In the era of modern medicine, doctors have found themselves increasingly dependent on countless studies and different drug options, which is limited to the human capacity of the doctor’s mind. The use of machines, however, eliminates this problem, since a machine is not limited to the same boundaries as the human mind. Alongside this, artificial intelligence would be able to interpret and analyse a patient’s data and instantly be able to offer the best diagnosis and drug choice.

The issue must not be seen in terms of taking the doctors’ jobs though. On the contrary, artificial intelligence is increasingly being seen as a necessity rather than an option, since it seems counter intuitive to base a diagnosis solely off the opinion of the doctor when a much more reliable source is so readily available. This branch of artificial intelligence has been named machine learning by many, with the idea that just like a doctor, the machine itself can learn and develop new methods of diagnosing patients.
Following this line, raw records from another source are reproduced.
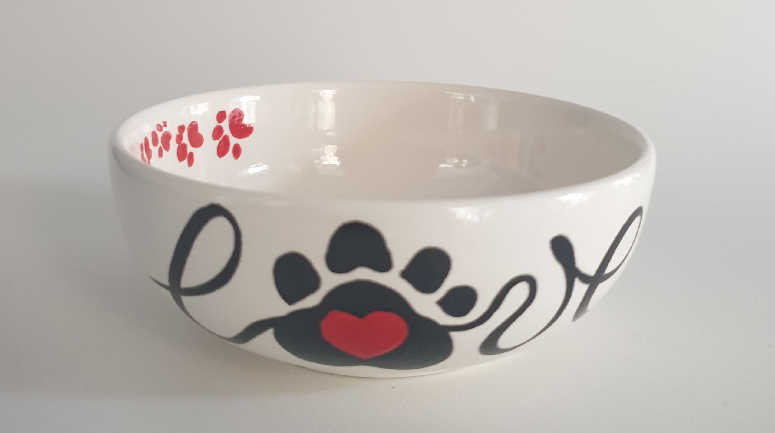 Ciotola dipinta a mano, personalizzabile con il nome del tuo FEDELE AMICO, può essere realizzata anche con altri colori e in altre dimensioni. Puoi scegliere come disegno principale  il disegno della zampetta o  la scritta love, e dall’altro lato scriveremo il nome del tuo cane/ gatto o altro animale.
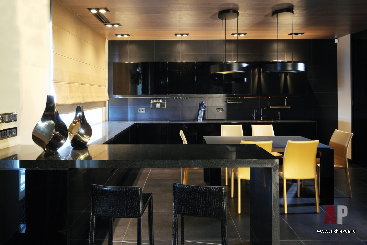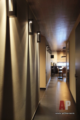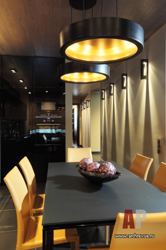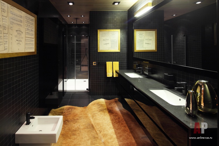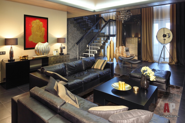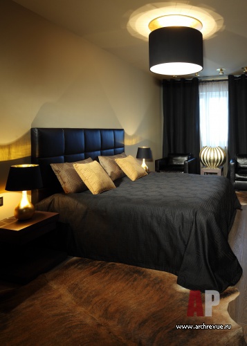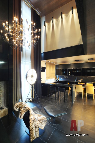 Особое внимание архитекторы уделили световому оснащению квартиры: они разработали разные световые сценарии и организовали интересное локальное освещение. Оно в нужном свете демонстрирует живописные работы и выгодно подчеркивает пластику пространства. Плотную темную гамму разбавляют теплые золотисто-охристые тона, а также ковры из шкур.
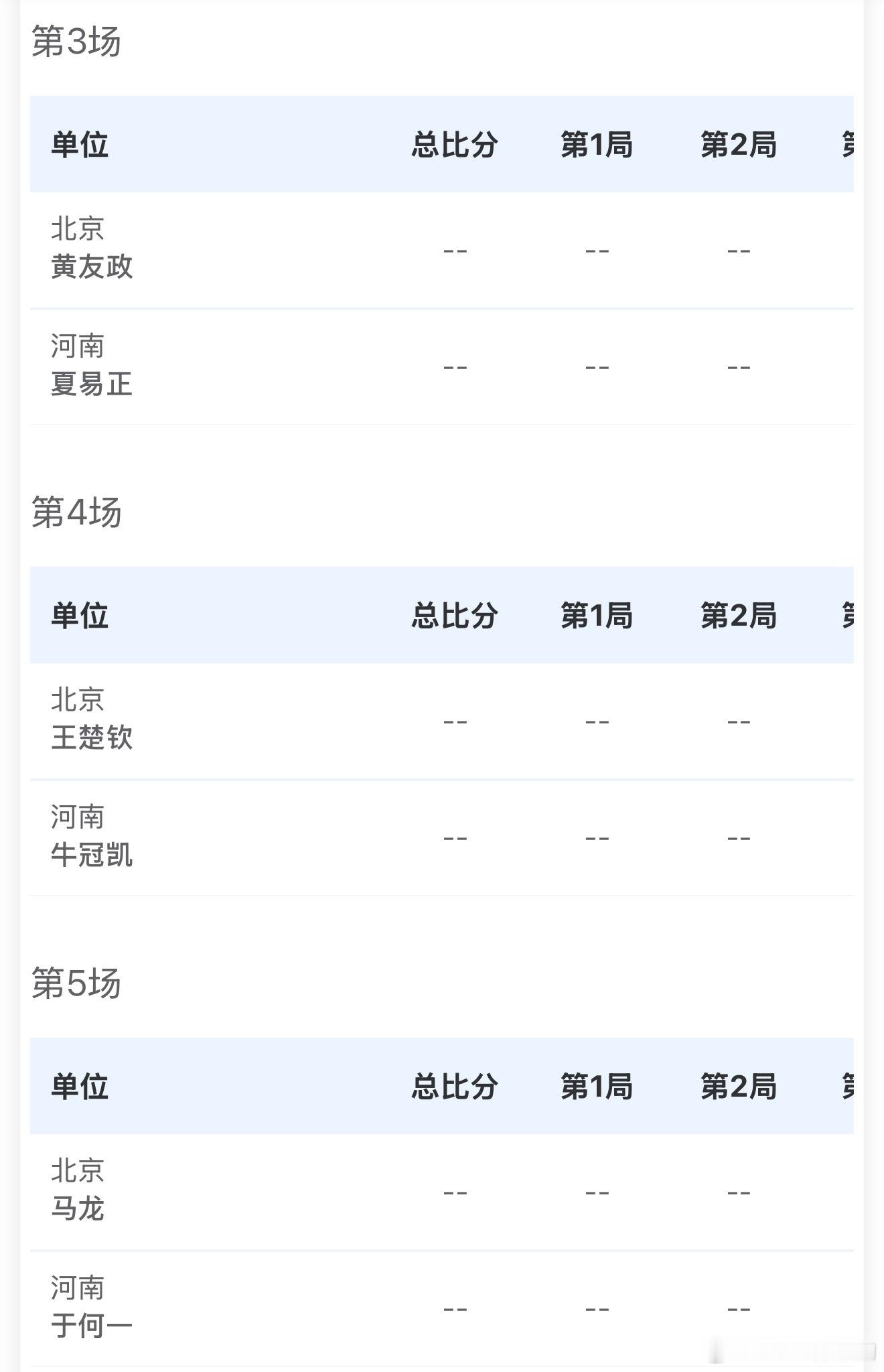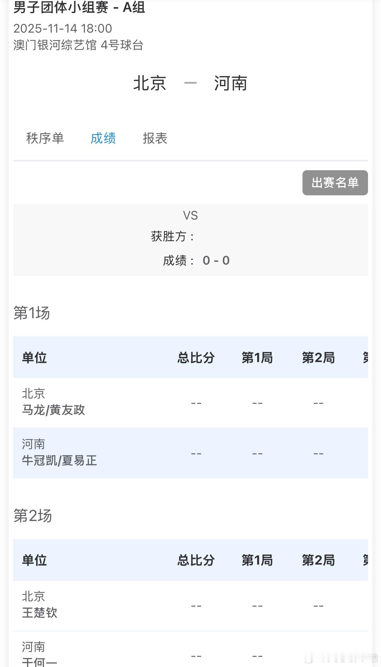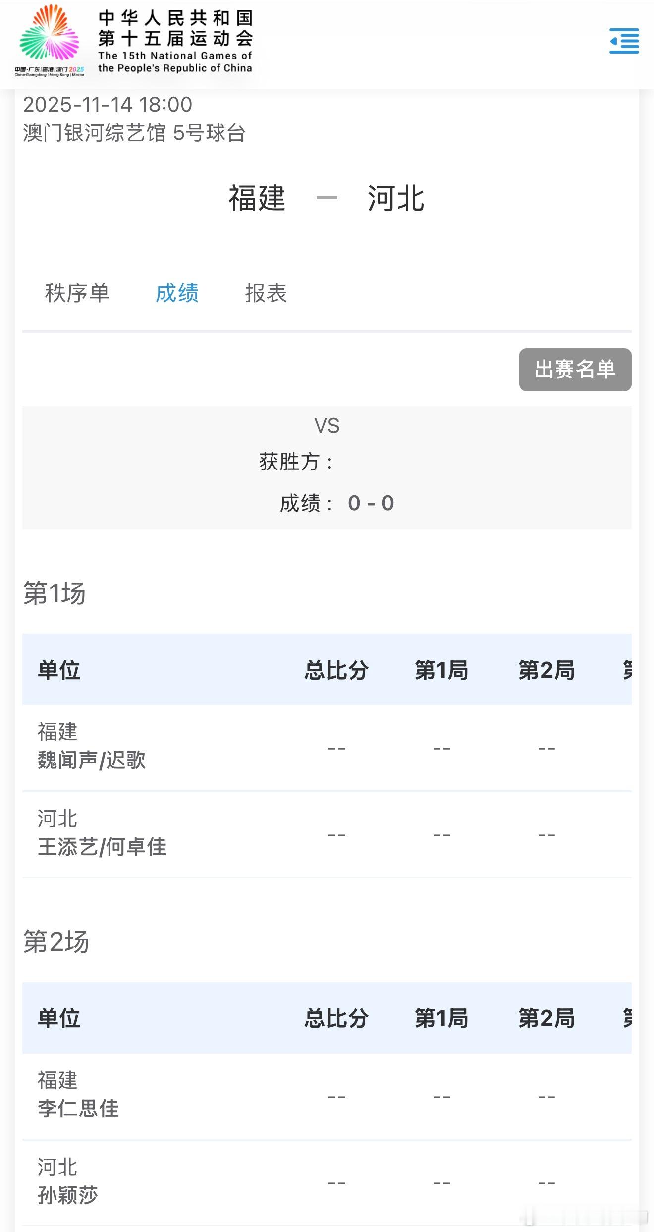第十五届全国运动会丨11月14日赛程大头出战第二盘和第四盘莎莎出战第二盘和第五盘
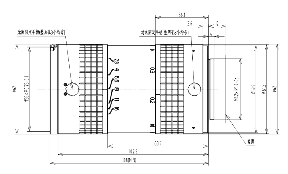 | 滤镜螺纹 | M58×P0.75 | 尺寸 | φ62×108(min) |
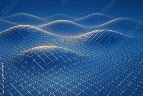 The watermark will not be included on Wall mural.: Abstract blue grid waves with glowing lines forming a dynamic digital landscape over smooth undulati
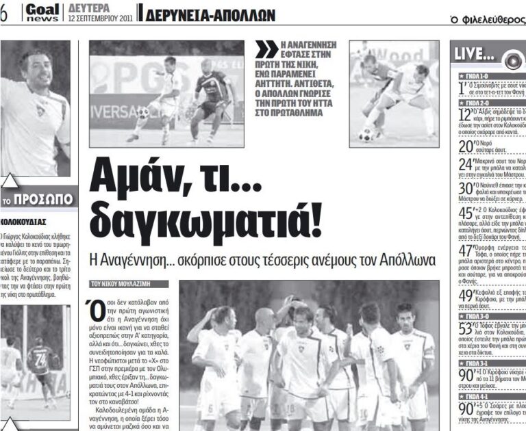 Το ρεπορτάζ της αθλητικής εφημερίδας «Goal» την επομένη του αγώνα στο «Τάσος Μάρκου» με αντίπαλο την Αναγέννηση Δερύνειας στο πλαίσιο της 2ης αγωνιστικής της σεζόν 2011/12!
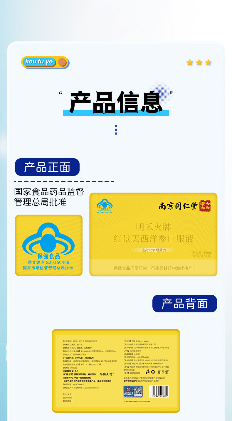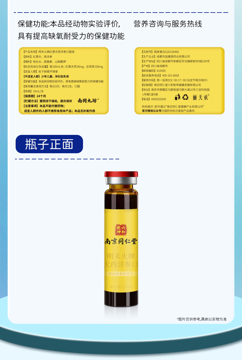 【红景天西洋参口服液,提高缺氧耐受力】南京同仁堂 明禾火牌红景天西洋参口服液 高原旅行高山备品-QQ
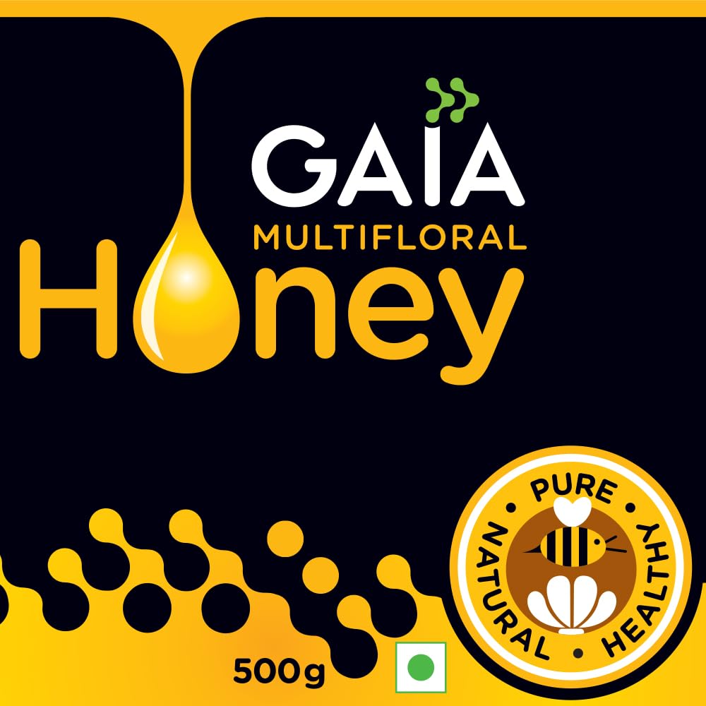 GAIA Multi Floral Honey - 100% Pure & Natural Honey | No Preservative | No Artificial Color | No Sugar Added | Boosts Immunity | Used to Cure Cold or Cough | Anti-oxidants | Weight Loss 500 GM Bottle

Not only could this emerging technology revolutionise physical health though, it also has significant implications for mental health. Such ideas include exploiting the relationship we all have with our smartphones nowadays, whereby a mobile phone will be able to monitor the interactions that the user makes, detecting any signs of depression or bipolar disorder that may be visible from their posts on social media or their searches on the internet.

David Ahern, of the Department of Psychiatry at Brigham, has said that ‘historically we have been dismally poor at detecting dangerousness or self-harm’ and that ideally ‘we may be able to develop an early-warning system that […] could monitor and see changes in patterns to better determine when the risk gets to the level where intervention is needed’. This system would be able to detect how mild or aggressive someone’s illness is and would offer more reliability than that of a doctor.

Ultimately, this technology is still in its inception, but there is little doubt among medical professionals that this area of artificial intelligence will go on to pave the way for a new era of medical science.